Aratus' Phaenomena is a hexametrical astronomical treatise of just over 1,000 lines, which owes much generically to the didactic poetry of Hesiod, and much of its theory to Stoic cosmological observations and speculations. Apart from the proem and conclusion, it has three main parts: a section on the constellations, one on the usefulness of the constellations and the planets to mark the passage of time, and a third on signs appearing as natural phenomena, or in the behaviour of animals and birds, useful for predicting the weather. All this is interspersed with occasional mythological aetia of the sort favoured in Hellenistic poetry. Stylistically, Aratus is notable for his clever manipulation of Homer, both in the usage of obscure Homeric words and in his deliberate reminiscences of Homeric passages. Despite its apparently practical subject, this is a poem for an extremely erudite audience.

K.'s succinct, but informative, introduction deals with general issues such as Aratus' date (early third century B.C.) and life, and more particular literary subjects such as possible sources, style, language and metre, and his relationship to contemporary and later poets, especially Callimachus and Vergil. Although it is unclear whether Aratus ever visited Alexandria, he seems to have been familiar with Callimachean poetic ideals (but in connection with this I doubt K.'s too ready acceptance of the supposed evidence provided by the acrostic at 783-7), and the poem was praised for its elegance by Callimachus and others. This is followed by an account of the ancient commentaries on the work, especially that of Hipparchus of Nicaea, and a discussion of the textual tradition. I missed here a general discussion of the genre, despite the brief account of earlier Greek interest in astronomy, and in particular of the work of Eudoxus of Cnidus, whom Aratus clearly used as a source. I wonder whether some account of Mesopotamian astronomical theories might also have been of interest.

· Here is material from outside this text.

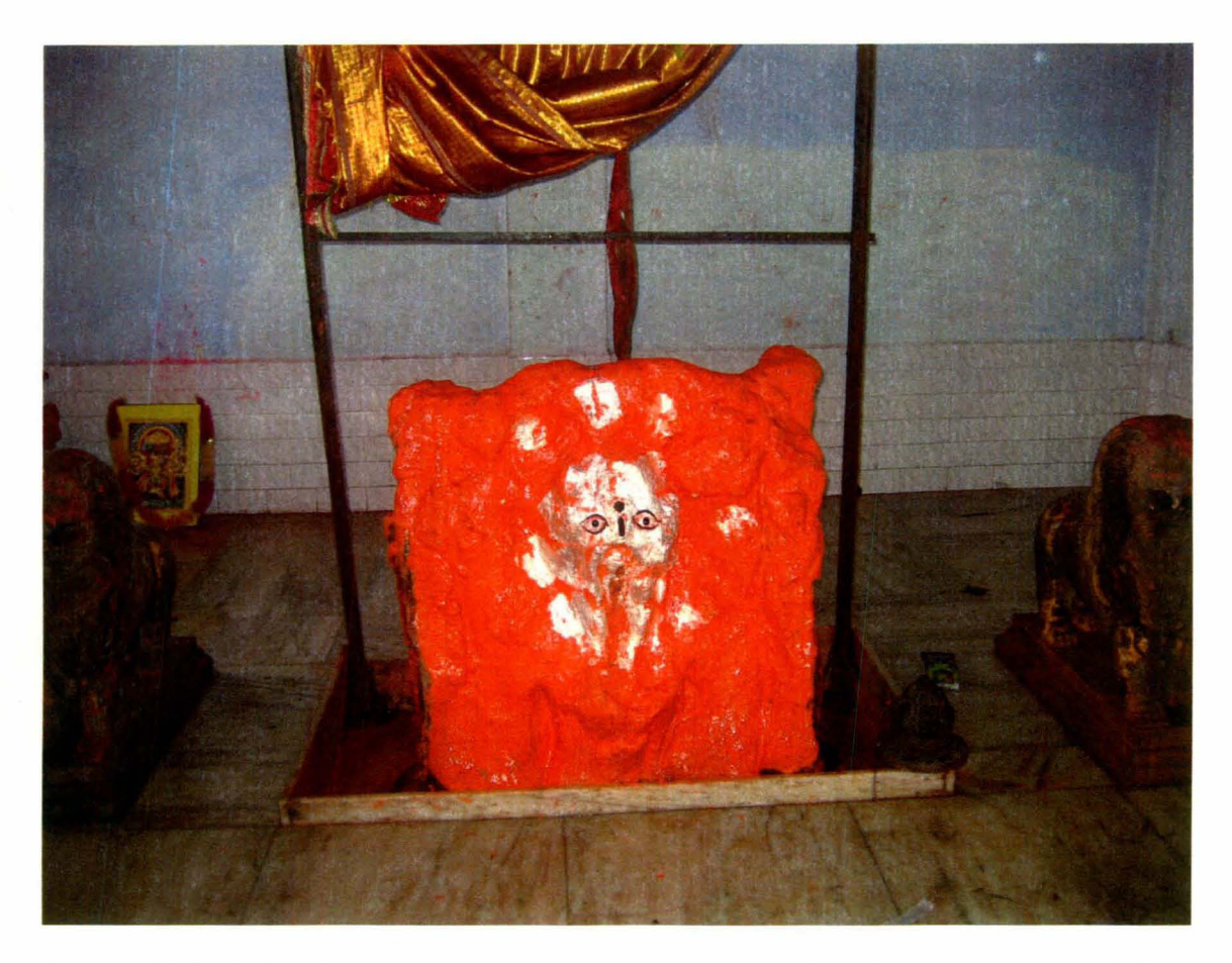
PLATE XXI : Sonkh–A present day Camunda temple stands right beside the Apsidal Temple No. 2. The image depicted as Camunda here is in fact a Kushana period Naga image smeared with vermillion and worshipped as the goddess now.

However, K. is strong on the subject of the influence of Hesiod and Stoic astronomy, and the possible purposes for which the poem was written. However, though Aratus was clearly writing for highly educated literary circles, it may also have been useful to have examined, for instance, the poem's relationship with subliterary didactic poetry, some of which is astrological and therefore possibly germane to K.'s subject, and which often appears to have been written with a practical audience in mind. But this can only be a minor criticism, and in general the introduction is scholarly, authoritative and very much to the point. Stoic theology, the influence of which can be identified in Aratus' treatment of Zeus, is also briefly examined. Many of these points are dealt with in more detail in the commentary, and the introduction thus provides a good summary of K.'s views.

The text is conservatively constituted, and generally well supported by the commentary, although occasionally some issues might have justified more detailed textual discussion. I would also have welcomed a chart of the constellations, with the modern equivalents which are frequently given in the commentary, in order to clarify their relative positions, a subject on which Aratus can be rather verbose. On astronomical matters K. himself seems remarkably well informed, though in this area the non-specialist can hardly be a reliable judge, but the discussion of the section on weather signs might have been more extensive. There is an impressive number of parallels from other ancient texts.

K. has produced an excellent edition with commentary for the professional scholar, although the impressive scale of the work will make it somewhat unwieldy for the beginner. However, the welcome inclusion of a translation, a feature of several recent volumes in the Cambridge series, means that it may also be of some use to those with only a little Greek. This is a major achievement which appears, from K.'s preface, to be the culmination of thirty years' work, and his time has clearly been well spent.